Setelah kekuatan/perbuatan-perbuatan telah menjadi suci dan telah terbebas dari kepamerihan maka kembalilah diserahkan kepada dasendrya. Tetapi di sini tidak seperti sebelum mendapatkan suatu pikiran kesucian (tan pamerih) atau keterikatan, namun sekarang perlu juga memberikan pemuas indria sesuai dengan kepentingan. Di sini saya dapat memetik suatu hikmah bahwa dalam kehidupan kita tidak akan terlepas daripada pengisi keinginan melalui indria. Malah dapat menahan hidup yang bahagia lahir bathin. Dengan akal pikiran akan dapat membedakan antara yang baik dan buruk dan antara yang perlu dan tak perlu. Keterikatannya Shantanu akan hasil dari karmanya (pamerih) maka dia menjadi susah kembali. Tetapi berkat akibat dari karmanya sendiri yang tidak mungkin akan berbuah, barulah dia menyadari akan dirinya sehingga mau tidak mau setelah sadar akan melakukan karma-karma dengan tidak mengharapkan jasa dengan gembira. Oleh karena itu bagi kita janganlah mengharapkan hasil dari setiap apa yang diperbuat, karena hasil itu akan selalu mengikutinya dari belakang. Bila dapat berpikir yang demikian barulah dapat mengenyam suatu kenikmatan daripada hasil karma yang diperbuat, karena selalu merasakan hasil itu adalah anugerah dari Hyang Widhi. Tetapi bila hal itu selalu menjadi pengharapan, seolah-olah bahwa kesemuanya itu kita yang menentukan dan bila tak berhasil seperti apa yang diharapkan, kejengkelan dan kesusahan serta kesedihan akan mengamuk dalam diri kita. Timbullah keputusasaan. Jadi hendaknya jangan hanya tergantung akan suatu pemikiran bahwa hanya dengan kekayaan dunia saja akan dapat mendapatkan suatu kebahagiaan? Atau karena hanya dengan memenuhi kepentingan materi saja akan dapat hidup bahagia? Dan malah bila berpikir hanya dengan itu saja dengan mengabaikan kepentingan rohani atau kekuatan yang ada dalam alam berpikir, sulitlah akan dapat hidup sejahtera. Oleh karena itu pula hendaknya kedua materi yang ada, baik yang berupa materi maupun rohani bila keduanya itu dapat disejajarkan akan dapat memberikan kehidupan yang sejahtera dan aman tenteram. Bhisma sebagai tenaga penampung, akan mau menerima apa saja yang diisikan, dia tak akan meminta, demi keselamatan jasmani.

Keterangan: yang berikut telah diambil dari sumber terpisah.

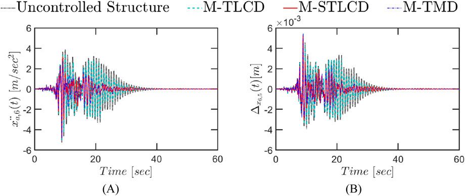 Figure 22. Time-history response of the six-story structure equipped with M-STLCD, M-TMD, and M-TLCD, each having a mass equal to 2% of the total structural mass, subjected to a real earthquake record (1999 Kocaeli): (A) top floor absolute accelerations; (B) interstory drifts.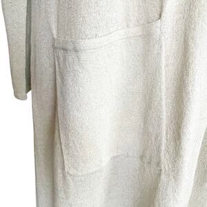 Eileen Fisher Organic Linen Blend Longline Open Front Cardigan Cream Metallic Size LARGE. Front patch pockets. Cream to off-white color with metallic sheen throughout. 54% organic linen, 27% polyester, 10% metallic, 9% nylon

Brahmacari berarti tidak akan melakukan tugas kewajibannya sebagai wadah tempat menyimpan. Kalau kosong, apa yang akan dapat diberikan. Dengan kemenangan pengaruh daripada Durghandini akan dirinya Shantanu, mulailah munculnya istilah nama kerajaan Hastina, yang berarti badan wadah (Menjelajahi Mahabharata Ke-1,”Bagaimana Mendidik Bayi ini?, oleh I.N. Sika WM, 1975).